▶ DATA SECTION:
# # # # #

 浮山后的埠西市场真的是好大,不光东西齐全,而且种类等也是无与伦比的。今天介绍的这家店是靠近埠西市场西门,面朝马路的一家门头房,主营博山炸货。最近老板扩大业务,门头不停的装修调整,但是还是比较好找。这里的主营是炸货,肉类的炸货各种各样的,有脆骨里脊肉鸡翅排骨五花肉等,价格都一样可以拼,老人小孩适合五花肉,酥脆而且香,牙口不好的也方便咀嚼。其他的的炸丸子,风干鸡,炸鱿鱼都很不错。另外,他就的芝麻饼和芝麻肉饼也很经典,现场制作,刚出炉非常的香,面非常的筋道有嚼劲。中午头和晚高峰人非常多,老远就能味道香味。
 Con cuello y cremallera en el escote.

# # # # #

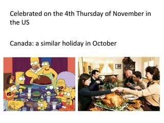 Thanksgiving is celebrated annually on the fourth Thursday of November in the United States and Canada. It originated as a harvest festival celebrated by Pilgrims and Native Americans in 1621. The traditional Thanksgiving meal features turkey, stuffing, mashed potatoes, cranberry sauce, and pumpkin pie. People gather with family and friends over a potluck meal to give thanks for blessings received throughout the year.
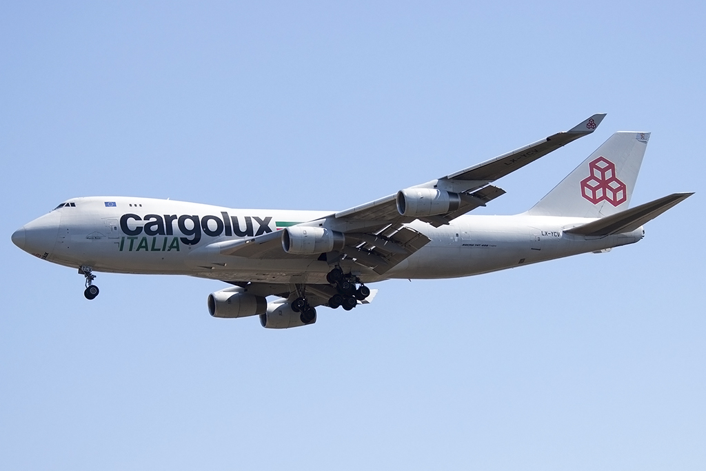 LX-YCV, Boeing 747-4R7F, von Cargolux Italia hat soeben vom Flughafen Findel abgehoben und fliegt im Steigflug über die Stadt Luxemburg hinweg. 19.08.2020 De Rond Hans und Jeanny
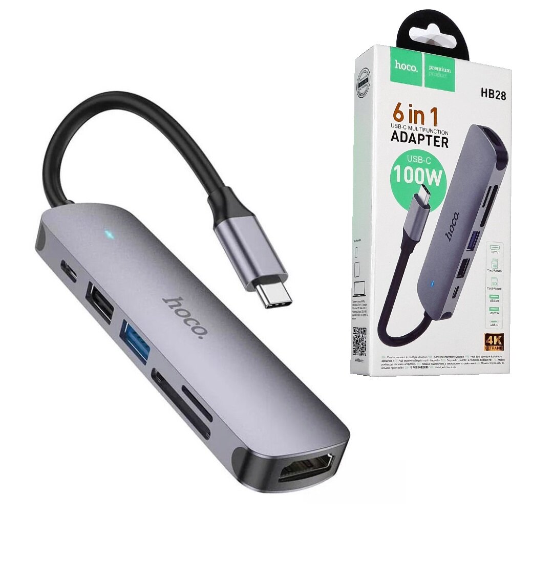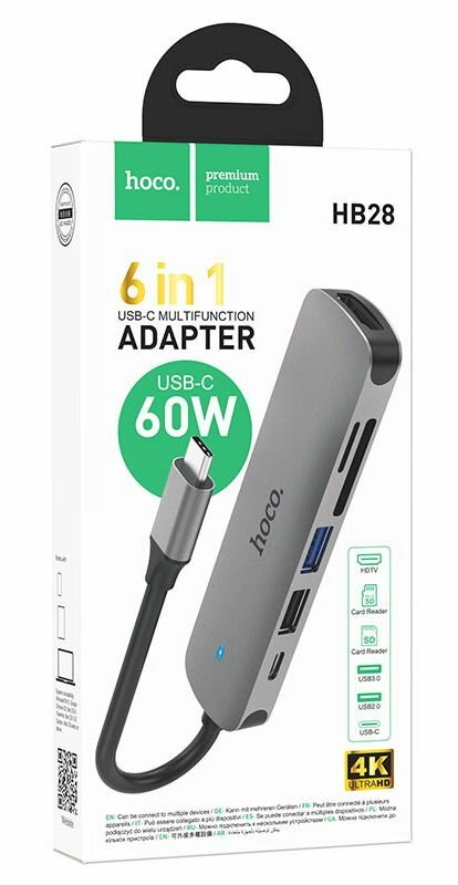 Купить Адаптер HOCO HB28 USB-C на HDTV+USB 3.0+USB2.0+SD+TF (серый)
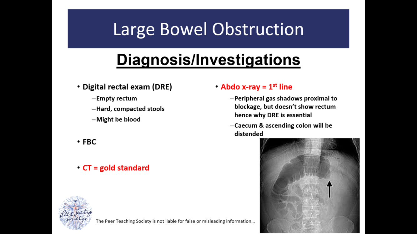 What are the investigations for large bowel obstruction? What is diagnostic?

# # # # #

▶ BRIEF: Search the listing above for the lines with "浮山后的埠西市场真的是好大,不光东西齐全" and "Con cuello y cremallera en el escote.", then output those lines and all lines between them exactly.

▶ TASK OUTPUT:
 浮山后的埠西市场真的是好大,不光东西齐全,而且种类等也是无与伦比的。今天介绍的这家店是靠近埠西市场西门,面朝马路的一家门头房,主营博山炸货。最近老板扩大业务,门头不停的装修调整,但是还是比较好找。这里的主营是炸货,肉类的炸货各种各样的,有脆骨里脊肉鸡翅排骨五花肉等,价格都一样可以拼,老人小孩适合五花肉,酥脆而且香,牙口不好的也方便咀嚼。其他的的炸丸子,风干鸡,炸鱿鱼都很不错。另外,他就的芝麻饼和芝麻肉饼也很经典,现场制作,刚出炉非常的香,面非常的筋道有嚼劲。中午头和晚高峰人非常多,老远就能味道香味。
 Con cuello y cremallera en el escote.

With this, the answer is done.